This One Pan Lemon Herb Chicken and Potatoes recipe offers a delightful combination of juicy chicken thighs and drumsticks roasted with tender potatoes, all infused with a bright lemon herb marinade. Perfectly baked in a single sheet pan, this easy-to-make dish bursts with garlic, oregano, paprika, and fresh parsley, creating a flavorful meal that’s ideal for weeknight dinners or casual gatherings.


Ingredients

Scale

Chicken and Potatoes

  • 2 lb chicken thighs and drumsticks
  • 22 oz potatoes, chopped if large

Marinade

  • 4 cloves garlic, minced
  • 1/4 cup olive oil
  • 1/2 cup lemon juice
  • 1 Tbsp lemon zest
  • 1 1/2 Tbsp tomato paste
  • 1 tsp salt
  • 1/2 Tbsp dried oregano
  • 1/2 tsp black pepper
  • 1 tsp paprika

Garnish

  • Parsley, chopped


Instructions

  1. Preheat the oven: Preheat your oven to 400°F (200°C) to ensure it reaches the correct temperature for even baking of the chicken and potatoes.
  2. Prepare the Sauce: In a small bowl, whisk together the olive oil, minced garlic, tomato paste, lemon juice, lemon zest, salt, oregano, black pepper, and paprika until well combined to create a flavorful marinade.
  3. Prepare the Chicken and Potatoes: Pat the chicken pieces dry with paper towels to help them brown evenly.

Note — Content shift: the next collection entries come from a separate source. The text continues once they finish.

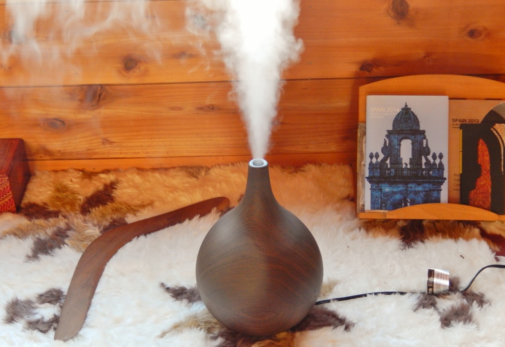 木製の丸いものを選びました。加湿器もデザイン豊富になりましたね。
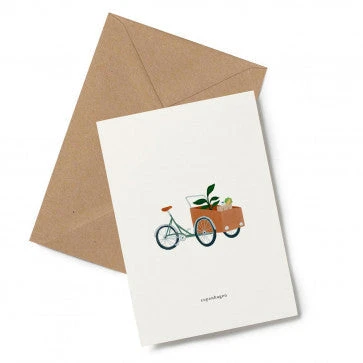 Gefaltete Grußkarte mit Briefumschlag aus Kraftpapier.
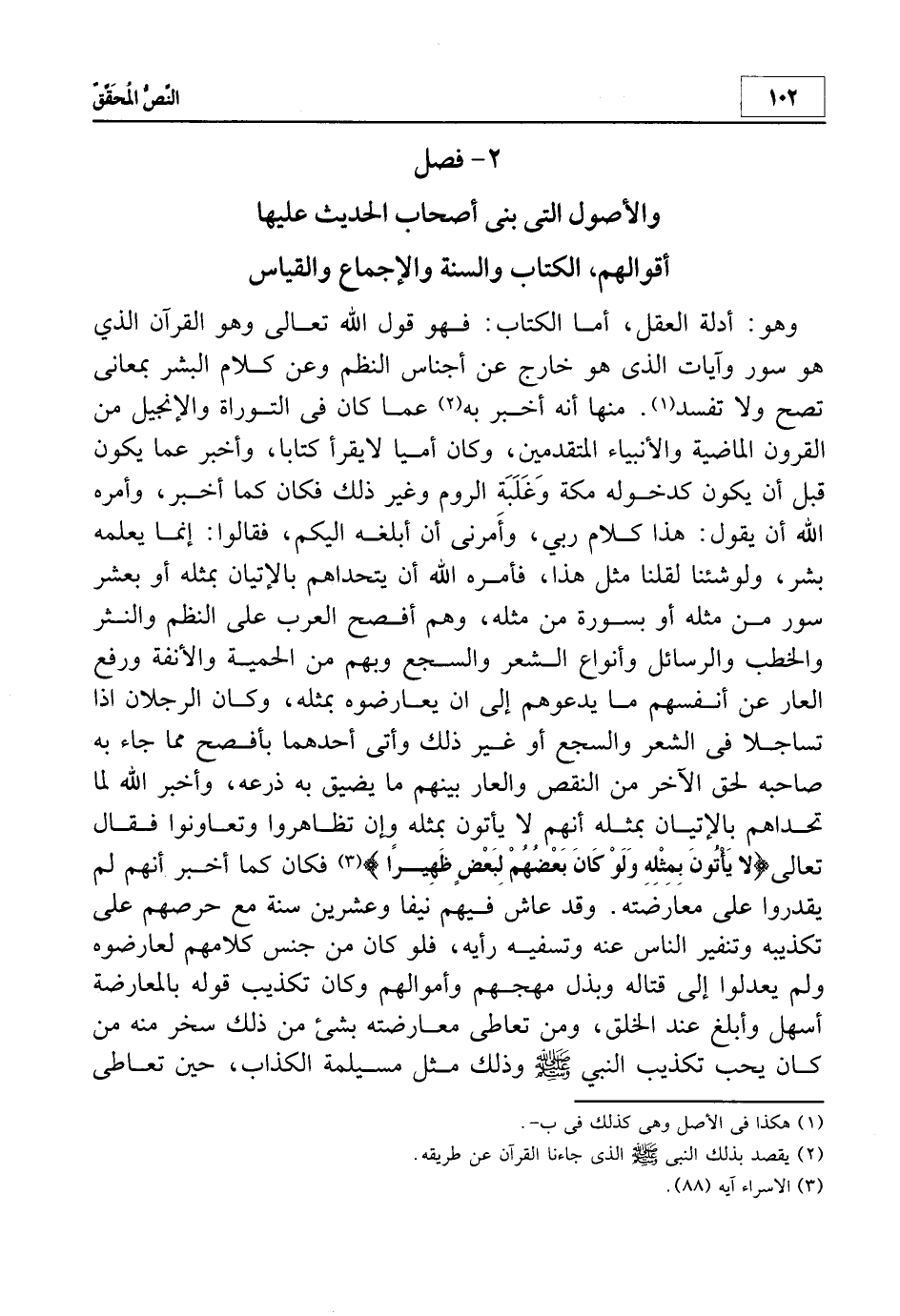 2- فصل: والأصول التي بنى أصحاب الحديث عليها أقوالهم، الكتاب والسنة والإجماع والقياس
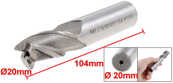 20mm x 20mm x 38mm x 104mm 3 Flutes Straight HSS End Mill Milling Cutter
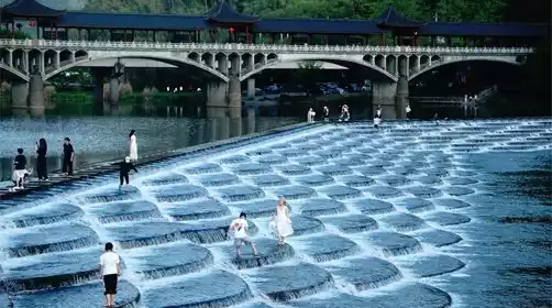 It is called Longlin Dam because its shape resembles fish scales. It is now a popular check-in spot in Fuyang.
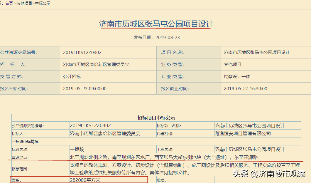 最近,一个名为“历城区张马屯公园”的项目进行了设计招标,并且已经公示中标单位。根据公示信息,这个公园占地面积28.2万平方米,也就是约423亩。
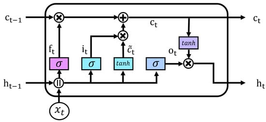 Long Short-Term Memory (LSTM) [19]: It is one of the most famous RNN algorithms, which addresses the vanishing gradient problem in RNN. LSTM solves this problem by utilizing the cell state for long-term dependencies and employing input, forget, and output gates to regulate information update, retention, and discard, respectively. The overall LSTM cell architecture is shown in Figure 1. The definition of forget gate , input gate , and output gate at t are given as
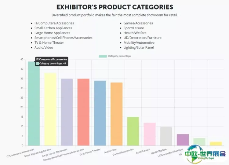 消费类电子产品:电视机及家庭影院、视听及影像产品、扬声器、耳机、音响、电子礼品、电子书、各种灯具、电子娱乐产品等;个人电子产品(保健及美容)、体育及娱乐产品、电子玩具、游戏机及相关产品、耳机、音箱、LED、健康、监控器等安全产品,移动电话、软件、硬件、智能通讯产品、卫星通讯技术、导航产品、摄影器材、IT及ICT、可穿戴设备、3D打印机、电子商务等

If the potatoes are large, chop them into smaller, bite-sized pieces to ensure even cooking. Arrange the chicken and potatoes evenly on a large sheet pan.
  4. Coat with Sauce: Pour the prepared sauce over the chicken and potatoes, using a spoon or brush to thoroughly coat every piece to maximize flavor infusion.
  5. Bake: Place the sheet pan in the preheated oven and bake for approximately 40 minutes, or until the potatoes are tender and the chicken reaches an internal temperature of 165°F (74°C), indicating it is fully cooked and safe to eat.
  6. Rest and Garnish: Remove the pan from the oven and allow the dish to rest for 5 minutes to let the juices redistribute throughout the meat. Finally, garnish the dish with freshly chopped parsley before serving to add a burst of color and fresh herbal aroma.

Notes

  • Make sure to pat the chicken dry to achieve crispy skin.
  • Use a meat thermometer to ensure the chicken is thoroughly cooked.
  • The potatoes can be any variety, but Yukon Gold or red potatoes work especially well.
  • If you prefer a stronger lemon flavor, add extra lemon zest or juice to the marinade.
  • This dish can be prepared ahead by marinating the chicken and potatoes overnight in the refrigerator.